Hisham agrees, saying if there were a way to report abuse without fear, he might have opted to stay in medicine instead of pivoting to auditing.

“There should be an independent body – outside of the medical fraternity – that listens to housemen and acts on misconduct. Real consequences. Real accountability,” he says.

When it comes to mental health, Manvir Victor, a World Health Organisation (WHO) global patient advocate, who was a member of the Healthcare Work Culture Improvement Task Force (HWCITF), says there are simply not enough psychiatrists or counsellors in government hospitals to provide adequate care to the doctors.

“Let’s say we have 100 people in psychiatry – they are serving the patients, not the doctors. So if you are a young doctor, who do you go to?”

The HWCITF was established as an independent committee in 2022 under the then health minister Khairy Jamaluddin to investigate the death of a house officer as well as the work culture and human resource management in government hospitals.
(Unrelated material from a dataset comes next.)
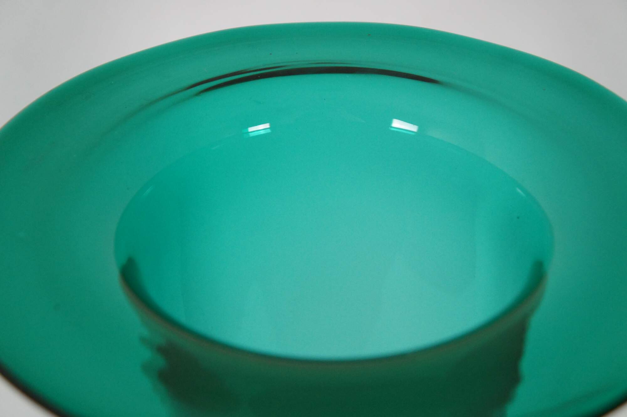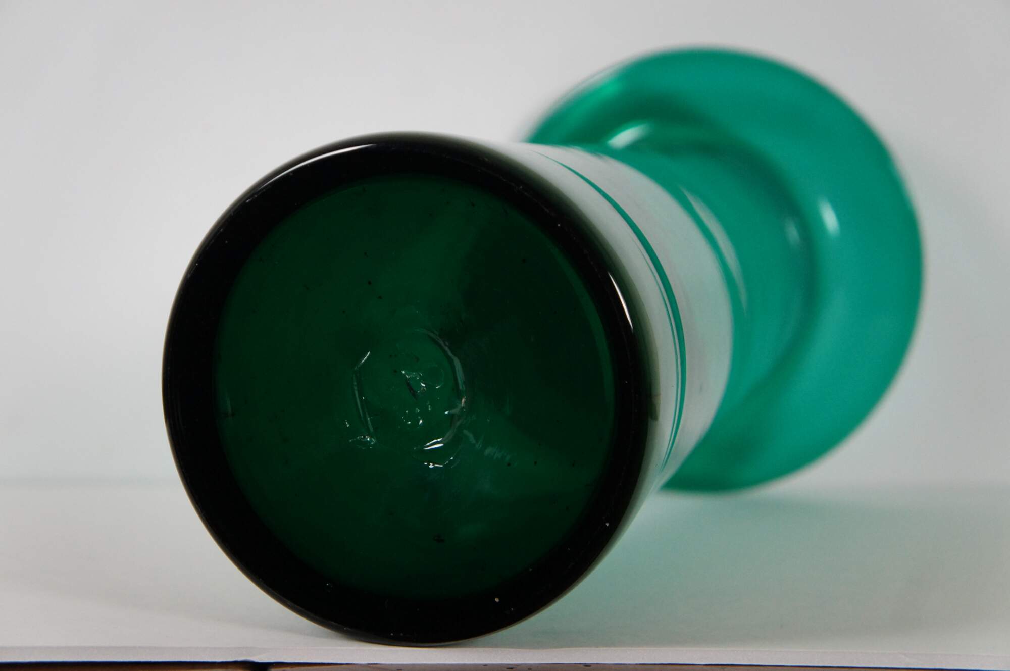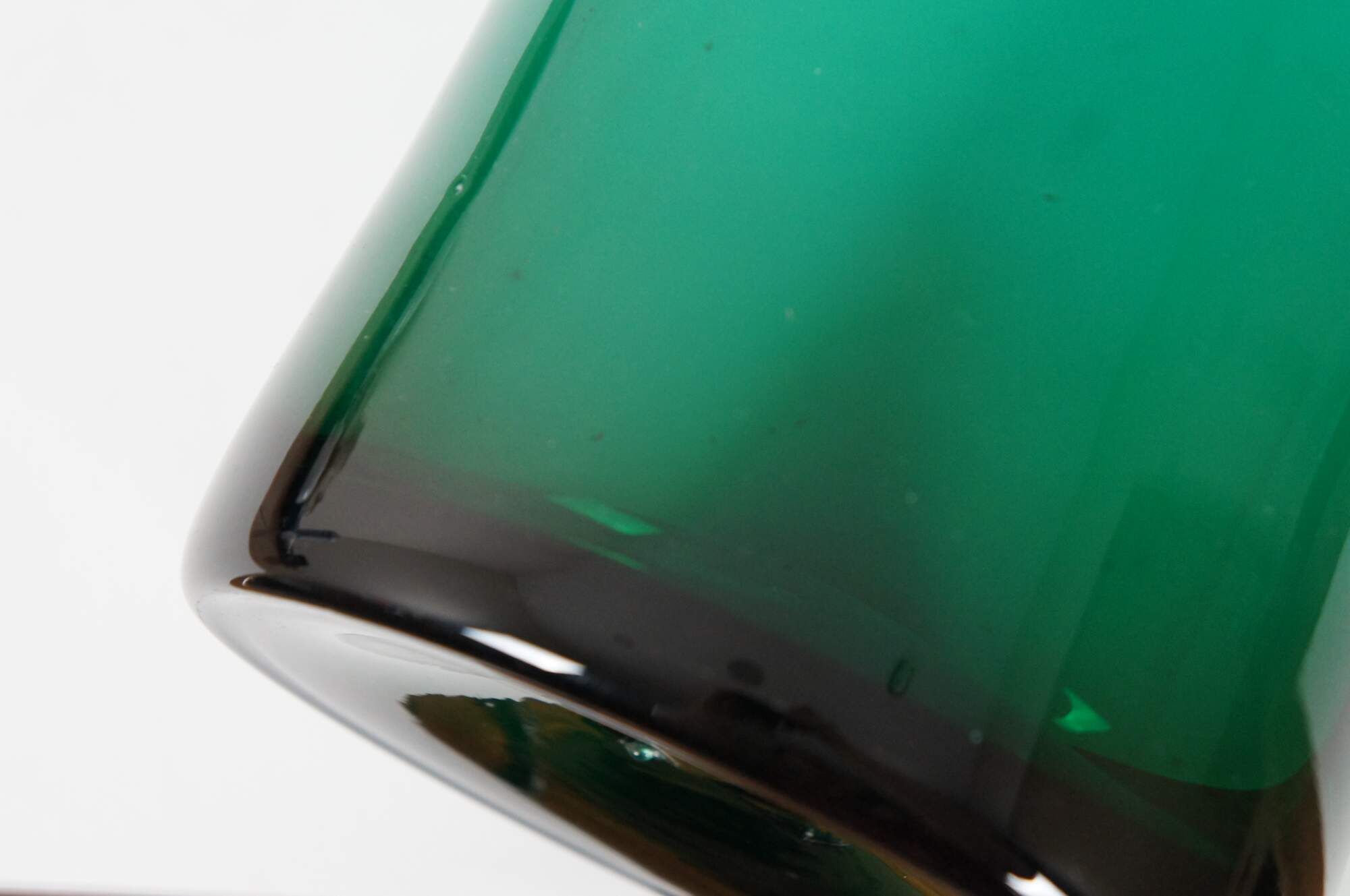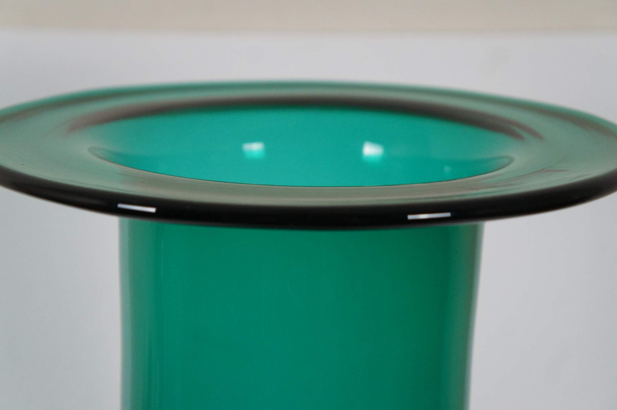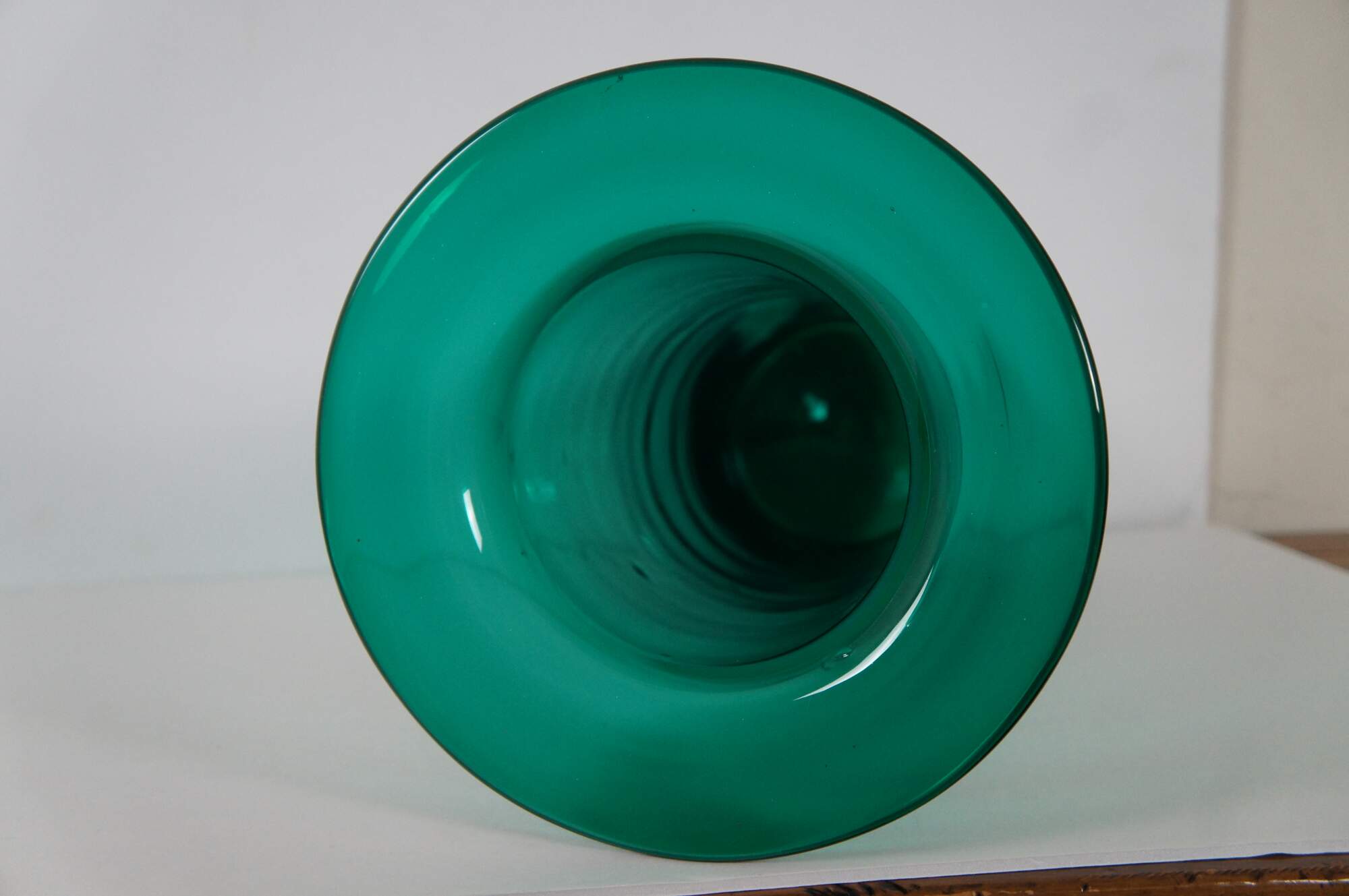 Mid century modern (1960s) large Blenko hand blown emerald green / teal glass vase featuring a tall cylindrical form with smoked base and a flat disc shaped rim.

The task force released their report in August the same year but Manvir says there have been few updates on their recommendations since then.

Among the recommendations they made to improve workplace cultures in the public health sector are improving remuneration rates for doctors and standardising onboarding policies across all government hospitals.

It is obvious that improved remuneration rates will help retain more doctors, but the benefits of a standardised orientation for new housemen may not be so clear at first.

Manvir says currently, the onboarding process is slightly different at every hospital, where some may provide housemen with a full day of orientation while others can be done within an hour.

This ends up creating a maldistribution of workforce issue as more medical graduates may choose to apply for a hospital with a comprehensive onboarding process, leaving the other hospitals understaffed, he explains.

The maldistribution of the workforce is something Dr Kalwinder is very concerned about too, as he says the MMA has suggested creating a digital dashboard system that is accessible to healthcare officials to show the current distribution of the medical workforce in government hospitals across the country.

This would help hospitals plan their workforce better, he says.

“I must know how many (doctors) I have and how many they (other hospitals) have so that if I know you have more than me, then I can say, can you send some to me?” says Dr Kalwinder, who is based at the Sarawak General Hospital.

This also goes back to the numbers game mentioned by Dr Kalwinder earlier.

“I don’t mean (we need to increase) absolute numbers. I mean the correct distribution of numbers everywhere so that in the country, every doctor should have the same kind of lifestyle and work-life balance,” he says.

This vicious cycle must be stopped, he adds.

“Ultimately, what is it for? It’s all about patient safety, so it is very important to have adequate manpower.”